● Source material:
-- -- --

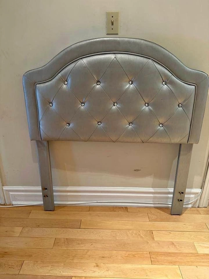 Modern silver headboard, new in box! Never assembled. Easy setup for a twin bed, perfect for creating a stylish girls' room, teen room, or guest room. Size: 47.25'' H X 58'' W X 3.75'' D. PICKUP ONLY.
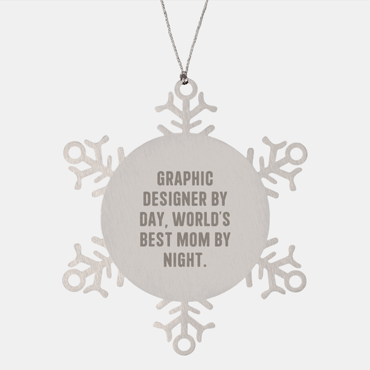 Graphic Designer Gifts from Friends - Snowflake Ornament, Funny Quote, Christmas Unique Gifts for Graphic Designer By Day, World's Best Mom By Night.
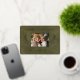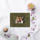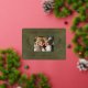 Your family holiday photo will shine with the gold foil on this gorgeous postcard. The words "Merry Christmas!" and a template for your family name appear in crisp and clear typography. The green leather print background feels luxurious. Pine branches in gold foil add a festive touch. The back of this elegant postcard is a beige leather print that will feel luxurious to write a personal note on.

-- -- --

● Brief:
Return every line of the listing exactly, leaving its pictures behind.

● Your solution:
 Modern silver headboard, new in box! Never assembled. Easy setup for a twin bed, perfect for creating a stylish girls' room, teen room, or guest room. Size: 47.25'' H X 58'' W X 3.75'' D. PICKUP ONLY.
 Graphic Designer Gifts from Friends - Snowflake Ornament, Funny Quote, Christmas Unique Gifts for Graphic Designer By Day, World's Best Mom By Night.
 Your family holiday photo will shine with the gold foil on this gorgeous postcard. The words "Merry Christmas!" and a template for your family name appear in crisp and clear typography. The green leather print background feels luxurious. Pine branches in gold foil add a festive touch. The back of this elegant postcard is a beige leather print that will feel luxurious to write a personal note on.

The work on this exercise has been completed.